Huidafwijkingen bij tatoeages

Klinische les
25-05-2016
Sebastiaan A.S. van der Bent, Albert Wolkerstorfer en Thomas Rustemeyer

Extended abstractCutaneous Adverse Reactions to Tattoos

This supplementary information is presented as submitted by the corresponding author. It has not been copy-edited by NTvG.

Introduction

Tattooing involves the introduction of exogenous pigment into the dermis. Worldwide, tattoos are one of the most popular forms of permanent body art. In the Netherlands, 8-10% of the population older than 12 years old has a tattoo. A wide variety of cutaneous adverse effects can occur in tattoos, these can cause serious symptoms. However, recognition and appropriate knowledge of diagnosis and treatment is still frequently insufficient in many medical practitioners.

Case description

The first case concerns a 57-year-old female, who developed an itching swelling in the red part of a tattoo on the left arm. Histology of a punch biopsy showed a pseudolymphomatous reaction. This plaque-like allergic reaction was successfully treated with intralesional injection of corticosteroids.

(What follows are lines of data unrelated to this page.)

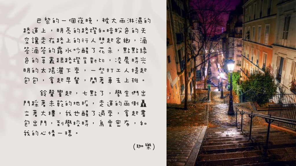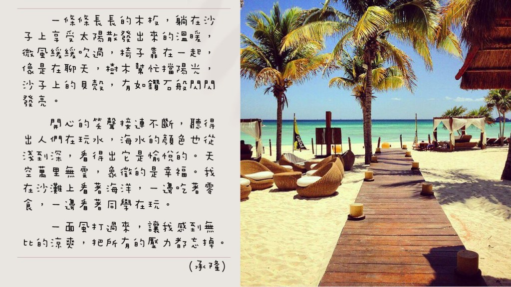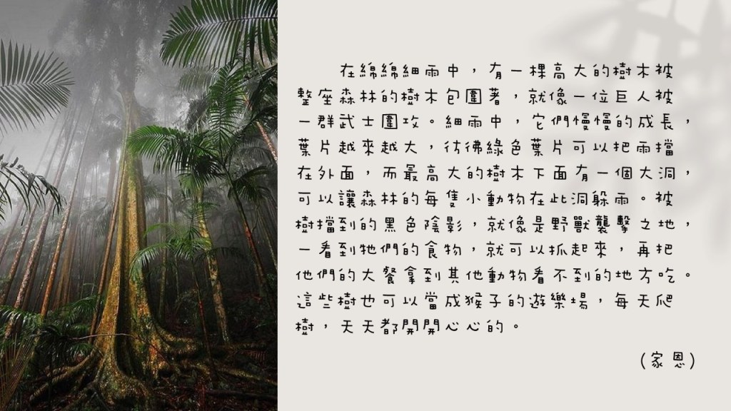 有機會讓孩子慢下腦袋轉速,仔細琢磨用字,描繪圖片裡的景象,實在是好珍貴的練習。
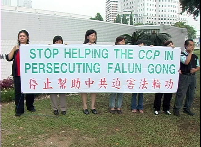 马来西亚法轮功学员在新加坡最高专员署外请愿,向最高专员署递交请愿信
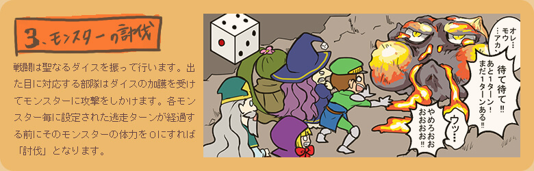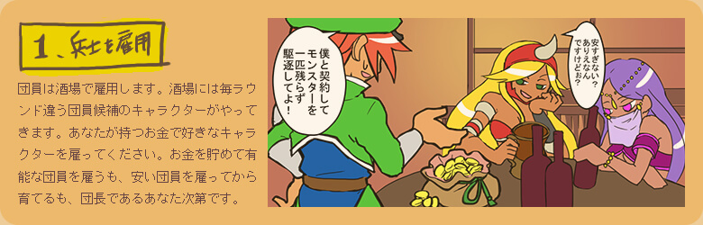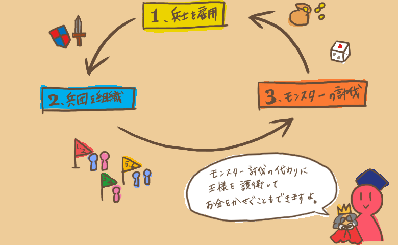 団員を雇用して兵団を作り、モンスターを討伐して兵団を強化し、最終的に魔王を倒すことでゲームクリアとなります。
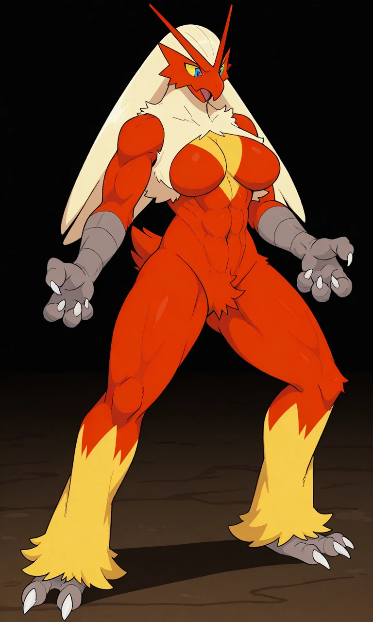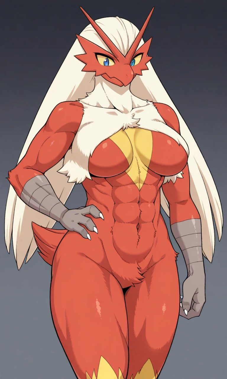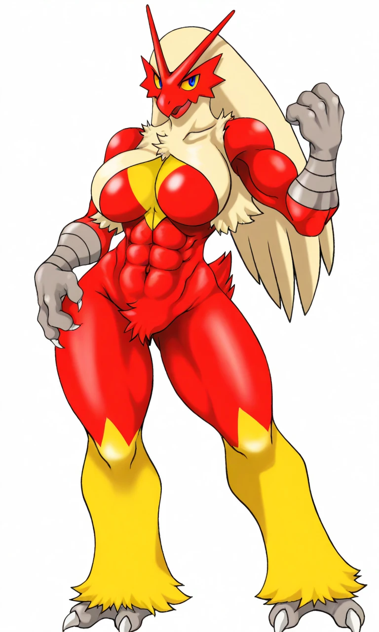 blaziken, 1girl, abs, beak, bird girl, bird tail, blonde hair, blue eyes, body fur, breasts, claws, furry female, long hair, navel, neck fur, no pussy, nude, red fur, scuted arms, thick thighs, toned female, two-tone fur, yellow fur, yellow sclera, muscular female
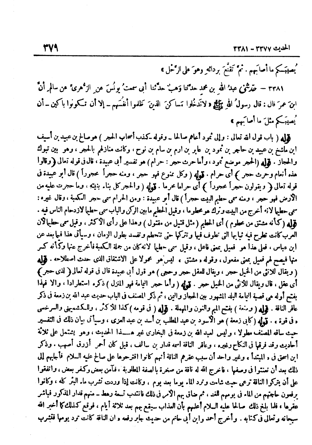 وَقَوله كذب أَصْحَاب الْحجر هُوَ صَالِحُ بْنُ عُبَيْدِ بْنِ أَسِيفِ بْنِ مَاشَخِ بْنِ عُبَيْدِ بْنِ حَاجِرِ بْنِ ثَمُودَ بْنِ عَامرِ بْنِ إِرَمَ بْنِ سَامِ بْنِ نُوحٍ وَكَانَتْ مَنَازِلُهُمْ بِالْحِجْرِ وَهُوَ بَيْنَ تَبُوكَ وَالْحِجَازِ قَوْلُهُ الْحِجْرُ مَوْضِعُ ثَمُودَ وَأَمَّا حَرْثٌ حِجْرٌ حَرَامٌ هُوَ تَفْسِيرُ أَبِي عُبَيْدَةَ قَالَ فِي قَوْلِهِ تَعَالَى وَقَالُوا هَذِهِ أَنْعَامٌ وحرث حجر أَيْ حَرَامٌ قَوْلُهُ وَكُلُّ مَمْنُوعٍ فَهُوَ حِجْرٌ وَمِنْهُ حِجْرًا مَحْجُورًا قَالَ أَبُو عُبَيْدَةَ فِي قَوْله تَعَالَى وَيَقُولُونَ حجرا مَحْجُورا أَيْ حَرَامًا مُحَرَّمًا قَوْلُهُ وَالْحِجْرُ كُلُّ بِنَاءٍ بنيته وَمَا حجرت عَلَيْهِ من الأَرْض فَهُوَ حِجْرٌ وَمِنْهُ سُمِّيَ حَطِيمُ الْبَيْتِ حِجْرًا قَالَ أَبُو عُبَيْدَةَ وَمِنَ الْحَرَامِ سُمِّيَ حِجْرُ الْكَعْبَةِ وَقَالَ غَيْرُهُ سُمِّيَ حُطَامًا لِأَنَّهُ أُخْرِجَ مِنَ الْبَيْتِ وَتُرِكَ هُوَ مَحْطُومًا وَقِيلَ الْحَطِيمُ مَا بَيْنَ الرُّكْنِ وَالْبَابِ سُمِّيَ حَطِيمًا لِازْدِحَامِ النَّاسِ فِيهِ قَوْلُهُ كَأَنَّهُ مُشْتَقٌّ مِنْ مَحْطُومٍ أَيِ الْحَطِيمَ مِثْلُ قَتِيلٍ مِنْ مَقْتُولٍ وَهَذَا عَلَى رَأْيِ الْأَكْثَرِ وَقِيلَ سُمِّيَ حَطِيمًا لِأَنَّ الْعَرَبَ كَانَتْ تَطْرَحُ فِيهِ ثِيَابَهَا الَّتِي تَطُوفُ فِيهَا وَتَتْرُكُهَا حَتَّى تَتَحَطَّمَ وَتَفْسُدَ بِطُولِ الزَّمَانِ وَسَيَأْتِي هَذَا فِيمَا بعد عَن بن عَبَّاسٍ فَعَلَى هَذَا هُوَ فَعِيلٌ بِمَعْنَى فَاعِلٍ وَقِيلَ سُمِّيَ حَطِيمًا لِأَنَّهُ كَانَ مِنْ جُمْلَةِ الْكَعْبَةِ فَأُخْرِجَ عَنْهَا وَكَأَنَّهُ كُسِرَ مِنْهَا فَيَصِحُّ لَهُمْ فَعِيلٌ بِمَعْنَى مَفْعُولٍ وَقَوْلُهُ مُشْتَقٌّ لَيْسَ هُوَ مَحْمُولًا عَلَى الِاشْتِقَاقِ الَّذِي حَدَثَ اصْطِلَاحُهُ قَوْلُهُ وَيُقَالُ لِلْأُنْثَى مِنَ الْخَيْلِ حِجْرٌ وَيُقَالُ لِلْعَقْلِ حجر وحجى هُوَ قَوْلُ أَبِي عُبَيْدَةَ قَالَ فِي قَوْلِهِ تَعَالَى لذِي حجر أَيْ عَقْلٍ قَالَ وَيُقَالُ لِلْأُنْثَى مِنَ الْخَيْلِ حِجْرٌ قَوْلُهُ وَأَمَّا حِجْرُ الْيَمَامَةِ فَهُوَ الْمَنْزِلُ ذَكَرَهُ اسْتِطْرَادًا وَإِلَّا فَهَذَا بِفَتْحِ أَوَّلِهِ هِيَ قَصَبَةُ الْيَمَامَةِ الْبَلَدُ الْمَشْهُورُ بَيْنَ الْحِجَازِ وَالْيَمَنِ ثُمَّ ذَكَرَ الْمُصَنِّفُ فِي الْبَابِ حَدِيثَ عَبْدِ اللَّهِ بْنِ زَمْعَةَ فِي ذِكْرِ عَاقِرِ النَّاقَةِ قَوْلُهُ وَمَنَعَةٍ بِفَتْحِ الْمِيمِ وَالنُّونِ وَالْمُهْمَلَةِ
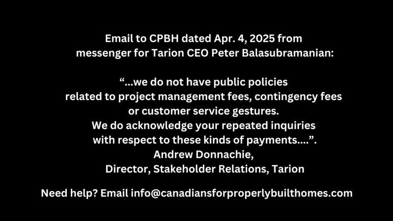 Petition updateEnd Tarion’s new home warranty monopoly NOW: Give Ontarians a choice!Tarion continues to operate in secret re key payments to some homeowners

The second case concerns a 50-year-old female, who developed an extensive painful ulceration in the red part of a tattoo on the lateral part of her right ankle. Treatment included compression bandaging, adequate wound care and analgesia. The third case involved a 57-year-old male, who visited the department of dermatology because of an itching skin lesion in a black tattoo. Histology of a punch biopsy revealed a nodular basal cell carcinoma. Surgical excision was performed. The fourth case concerns a 27-year-old male with psoriasis vulgaris. Two weeks before he got a tattoo on his lower left arm, causing a local exacerbation of psoriasis in the tattoo.

Conclusion

Here we described four cases of cutaneous adverse reactions to tattoos. Allergic reactions in tattoos can present in a wide variety of clinical and histological patterns. The symptoms are often chronic itch and can appear weeks, months or years after placing the tattoo. Allergic reactions are uniformly manifested in one particular colour. Clinically, the reactions can present in a plaque-like, hyperkeratotic or rarely ulcerative or generalised reaction. In spite of changes to the compounds in tattoo inks, allergic reactions are still mostly observed to red ink. Treatment options are topical corticosteroids, intralesional injection of corticosteroids, laser treatment or dermatome shaving.

Despite strict hygiene protocols, infections remain the most frequently occurring adverse event. Autoimmune and other inflammatory skin diseases can be localized in tattoos, such as lichen planus, psoriasis, lupus erythematosus, vitiligo and sarcoidosis. The induction of these skin disorders can partly be explained by the trauma caused by the process of tattooing: the Koebner phenomenon. The number of reported skin cancers in tattoos is low. As yet, the association between skin cancer and tattoo has to be considered as coincidental.